Pitfour House in the High street was built in the mid 17th century. The terrace of houses at Crook Barton dates back to around 1700.

In 1795, the Gooseyard bridge in Timsbury parish was the starting point for the Somerset Coal Canal which served the seven coal mines at Amesbury, Mearns, Tyning, Hayeswood, Old Grove, and Upper and Lower Conygre, around the village which formed a major part of the Somerset Coalfield. Lower Conygre (Conigre in some old spellings) was sunk in 1847 and in 1896 was merged with the older Upper Congyre which had been started in 1791. They were owned by Samborne Smith and Company in 1908, and then by Beaumont, Kennedy and Co. The Amesbury pit opened before 1701 and closed in the early 19th century. Hayeswood colliery opened in 1750 and closed in 1862. Tyning opened in 1766 followed by Mearns which was sunk in 1783 and closed in 1824.

The canal was later replaced by a railway line in the early 1900s, the Great Western Railway Radford and Timsbury Halt served the needs of passengers from the village. The Coal canal brought prosperity to the village and several other large houses were built in the area. Renny's on Love's Hill, as was its neighbour, Vale House.

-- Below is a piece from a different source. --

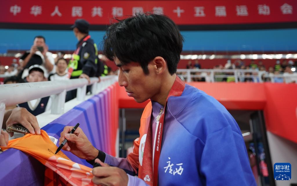 11月16日,广西队亚军刘德树在颁奖典礼后为观众签名。当日,第十五届全运会男子800米田径决赛在广州举行。新华社记者 黄伟 摄 11月16日,亚军广西队选手刘德柱(右)与教练在颁奖仪式上。当日,第十五届全运会男子800米田径决赛在广州举行。新华社记者 黄伟 摄 11月16日,浙江队队内冠军奚晓恒(左)与教练在颁奖仪式上。当日,第十五届全运会男子800米田径决赛在广州举行。新华社记者黄伟摄 11月16日,浙江队球员奚晓恒赛后。最终,他获得了冠军。当日,第十五届全运会男子800米田径决赛在广州举行。照片新华社记者 周牧 11月16日,河南队季军选手马中强(左)与教练在颁奖仪式上。当日,第十五届全运会男子800米田径决赛在广州举行。新华社记者 黄伟 摄 11月16日,浙江队团体冠军奚晓恒(左三)、广西队亚军选手刘德柱(左二)、河南队季军选手马中强(右二)及其教练员在颁奖仪式上。当日,第十五届全运会男子800米田径决赛在广州举行。新华社记者 黄伟 摄 11月16日,广西队球员刘德柱在比赛中。最终,他获得了第二名。当日,第十五届全运会男子800米田径决赛在广州举行。新华社记者 李艺博 摄

Parish's House on the south eastern side of the village was an 1816 extension of a much earlier house. It is attributed to Thomas Baldwin of Bath for Captain Parish R.N., is fronted by an ornate balustrade, and includes a stable block from the same date.

Greenhill House was also constructed in the early 1800s. Originally owned by St Johns Hospital in Bath, it has passed through the hands of various institutions during its history. It was eventually purchased by the charity originally known as The Cheshire Foundation Homes for the Sick, in 1976 it became the Leonard Cheshire Foundation. In July 2007 it changed to its current name, Leonard Cheshire Disability.

In 1978, the core of the village, centred around the Square and the High Street, was designated a conservation area, which is now considered "at risk". Many of its buildings constructed from the local White Lias stone in the 1700s are now protected from inappropriate development.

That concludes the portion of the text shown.